Hırçın denizlerin dalgaları damarlarımda şahlanıyor. Katledilen duygularım titretiyor ellerimi. Sallantısı yüzümde serinlik oluştururken ıslak saçlarımı geriye doğru çekiştirdim. Ayak parmak uçlarımdan yukarı yükselen başka bir ruhun varlığını hissettiriyor zihnimde canlanan anılar. Nefes alamıyorum. Bir bedende fazlalık değil midir diğer ruh? Kimsesiz bedenime mıhladığım ruhum çıkmamak için yeminliyken geçmişin anılara bağışladığı ruhta benimle. O vakit sonlansın yaşantım ölümle.
Zihnimde raksediyor hüznün sesi. Dilinden dökülenler eyleme geçmesi gerekenler. Ölümle mezun etmeliyim on dokuz yıllık yolcuyu.
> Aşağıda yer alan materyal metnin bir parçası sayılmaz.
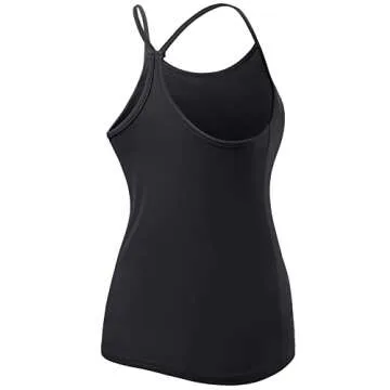 FREEYE Y Back Built in Shelf Bra Racerback Cami Yoga Workout Tank-Tops for Women,Sport Padded Spaghetti Straps Camisoles Sleeveless Compression Active-wear Athletic Clothing Tee Shirts X-Large Black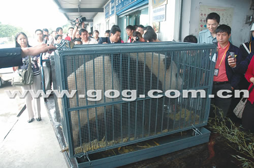 “大熊貓出來(lái)了!”載著樂(lè)水的推車剛一出現(xiàn)在貨運(yùn)部門口,立即被人們包圍。熱情的市民紛紛拿出手機(jī)或相機(jī)給樂(lè)水照相,剛下飛機(jī)的樂(lè)水低著頭,誰(shuí)也不理會(huì)。經(jīng)24日先期抵達(dá)貴陽(yáng)的檢查扎佐野生動(dòng)物園大熊貓館的成都熊貓基地專家、高級(jí)畜牧師吳孔菊和飼養(yǎng)員陳敏觀察,第一次乘坐飛機(jī)的樂(lè)水和珠珠沒(méi)有暈機(jī)現(xiàn)象,除稍顯有些緊張外,總體良好。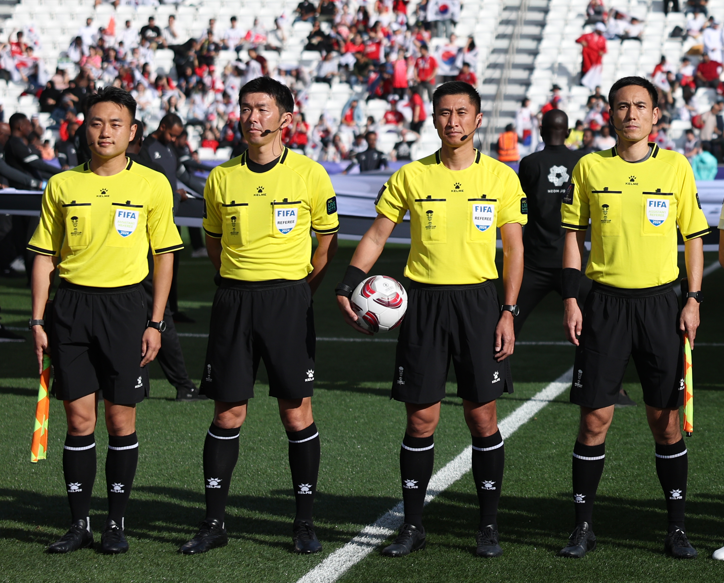 1月15日,在本届亚洲杯小组赛阶段韩国队对阵巴林队的比赛前,主裁判马宁(右二)、助理裁判张铖(左一)与周飞(右一)、第四官员荒木友辅在场地中。新华社记者 贾浩成 摄

Başımda şiddetlenen ağrıyla işler çığrından iyice çıkmaya başladı. İsyana bahane ararken sürekli önüme engeller çıkıyor. Dayanamıyorum. Kendimi nefes almaya bile aciz hissediyorum. Bedenim yatağa devrilirken temiz kıyafetlerimi biraz daha kenara çektim. Bedenimi saran mini havluyla bacaklarımı kendime çekerek cenin pozisyonuna geçtim. Sahip olduğum yangınları etrafa saçmak, başkalarıyla paylaşmak isterken öylece durmak yalnızca susmak daha çok yakıyor canımı. Suskunlukla boğuşmak daha çaresiz kılıyor ruhumu. Sol gözümden kayarak burnumun üzerinden akan tek damla yaş tüm isyanımı haykırıyor. Tek damla içimdeki kire bulaşmadan akıp gidiyor. Gözlerimin önünde dalgalanan görüntüler hiç vazgeçmiyor tekrar etmekten. Oksijenime zehir olmak için çabalıyor. Koskoca evrene sığamıyorum. Ne yapacağımı öyle şaşırmış bir haldeyim ki her hareketim bir hata hissi yaratıyor. Çenem usuldan titremeye başladı. Göğüs kafesimi içeri çökerten acılar zamanı dar ediyor. Zaman benim tersimde ilerliyor. Sırtım yatakla bululurken acıyla yumdum gözlerimi. Bir elim şakaklarıma gitti usulca. Bir şeyleri değiştirmek için çırpınıyor umudum içerlerimden. Filizlenen çiçekler kötünün kehanetiyle solmaya mahkum. Dilimin altında öyle büyük bir çığlık var ki serbest kalsa depremi yaşatır duygulara.